Before performing any further data analysis, the first step is to prepare the data. We will clean the data to handle outliers and missing values. In addition, we will perform data normalization and transformation on the given dataset.
For outliers, we will first determine if the values are due to human or system error. If it is due to human or system error, we can safely remove that transaction from our analysis. Otherwise, we will conduct separate analysis of these outliers values.
For missing values, we will determine the number of missing values. If the number is significant, we will use prediction techniques to predict these values based on the data set. Otherwise, we will remove these transactions from our analysis so that it will not affect our findings.
Lastly, we will perform data normalization and transformation. Some fields in the phone purchasing dataset and internet purchasing dataset have different scales and values even though they represent the same information. Also, due to system changes in Kaiso's IT infrastructure, there are some differences in the way the data is stored and named. Therefore, we will perform data normalization and transformation to ensure that values throughout both dataset are consistent before we can perform any analysis.

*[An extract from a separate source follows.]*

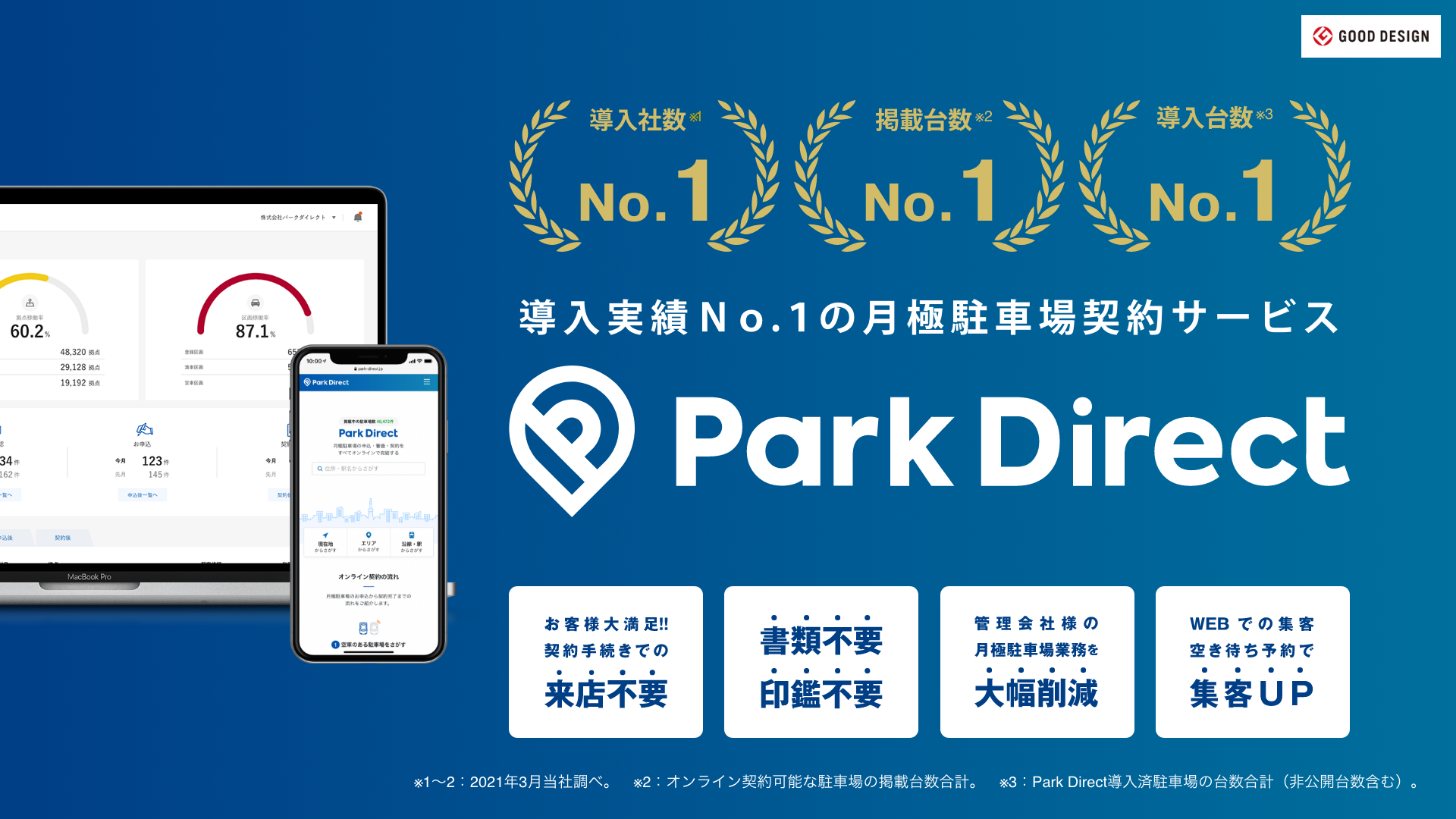 (※1)導入社数、掲載台数(オンライン契約可能な駐車場の掲載台数合計)、導入台数(Park Direct導入済駐車場の台数合計(非公開台数含む))において。2021年3月当社調べ。

Exploratory Data Analysis (EDA)

In the initial stage of this project, we will examine the dataset to have a better understanding of the various aspects of the dataset. We will then proceed to perform comparison studies between the datasets. The purpose of the comparison studies is to identify any behavioral differences among the customers. There are two studies which we will be doing - cross-sectional analysis and longitudinal analysis. Some of the comparisons which we will be looking at for both analyses are the frequencies of transactions for account holders in relation to the different ticketing types, the popular time of transaction, type of transaction and amount per transaction.

Cross-sectional Analysis
In this analysis, we will perform comparison study on customers in the same time period of 2015 and 2016. We have 2 months of data for 2016 and will be subsetting the 2015 dataset to contain records from the same time period only.
The purpose of using the same time period for both years is to eliminate any seasonal fluctuations that exists in the datasets.

Longitudinal Analysis
For this analysis, we will be examining the behavioral change of old customers that bought tickers before and after the launch of the online ticketing channel. This analysis aims to answer the question on whether customers purchasing behaviour changed after the launch. Hence, we will filter out data records to include only old customers (customers who registered before the launch).
We will be doing comparisons on data two months before and two months after the launch of the online ticketing site.

Dashboard

Following the analysis, an analytical dashboard will be built to visualize our findings. The dashboard will display the key variables of the data and how they affect the customer purchasing behaviour. The customer engaging teams would be able to utilize the dashboard to display and better understand the differences between the customer behaviours before and after the launch of the new system.
The dashboard will use a framework that allows Kaiso to update their dashboard by uploading their dataset every time they have a new dataset. Design, statistics and visualization will be our main considerations when building the dashboard so that they can easily unveil the differences that they are looking for.

Recommendations & Insights

From our analysis and dashboard, we seek to assist Kaiso in understanding the characteristics of their customers. We will be proposing business strategies and recommendations to them based on the insights that we have uncovered.